There was a concern that artists based in Northern Ireland were missing a platform at Venice. But to attempt to remedy this by presenting artists from Northern Ireland as simply 'separate' and 'apart' from artists from the Republic of Ireland, and to not expect this act to be obliged to recognize complexities regarding identification, is funnily enough simply another 'Irish solu tion to an Irish problem'.

The title is from Shakespeare, HENRY V ACT III SCENE I (see poll overleaf)

1 In my defence, I must point out that this error I made in drawing up my poll and using the word 'pavilion' within it, is an error also made even in the foreword of the Northern Ireland Venice exhibition catalogue: "... 14 of Northern Ireland's finest contemporary artists to create the first pavilion in Venice...": The Nature of things - artists from Northern Ireland, 2005 (p.9)

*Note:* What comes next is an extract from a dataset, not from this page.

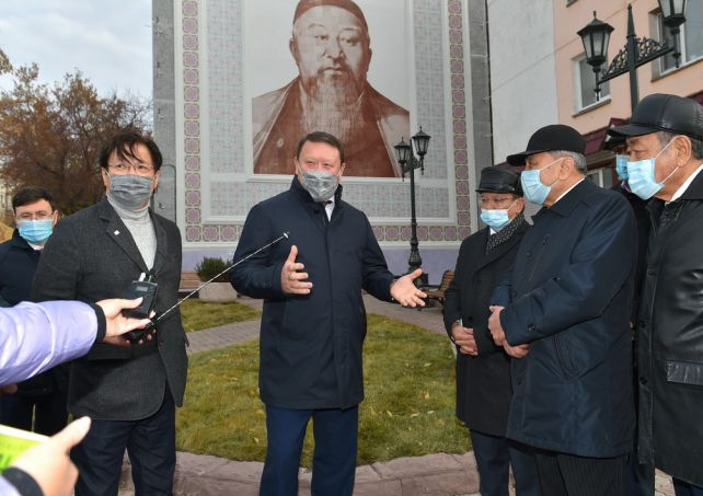 Глава региона встретился с представителями общественности, учеными, историками и литераторами около керамического панно Абая Кунанбаева. Работа посвящена 175-летию великого поэта и выполнена из керамической плитки снаружи дома на пересечении улиц Абая и Ауэзова, сообщает zakon.kz.

2 See again footnote 1. Also note that many 'new' national pavilions have only been established after nonofficial, nonnational representation at Venice: eg Rachael Thomas curating Cerith Wynn Evans as an intervention in the British pavilion. 2001, an act ultimately leading towards the development of the first separate Welsh pavilion.
3 See points raised by Shane Cullen at a discussion in Temple Bar between the Venice Biennale Commissioners from the Republic of Ireland, Northern Ireland, Scotland and Wales, 24 February, 2005, printed in Printed project: "... [the situation that] exists at the moment seems to be defining territories"; from 'One closer to the other', Printed project, issue 05, May 2005, p.84.
4 Peter Gay, My German question, New Haven, Yale University Press, 1998, p.13
5 Shane Cullen, ibid: "... I actually think I preferred the situation where an artist from this part of Ireland and Northern Ireland worked together in a kind of ambiguous presentation without anything being so explicitly laid down."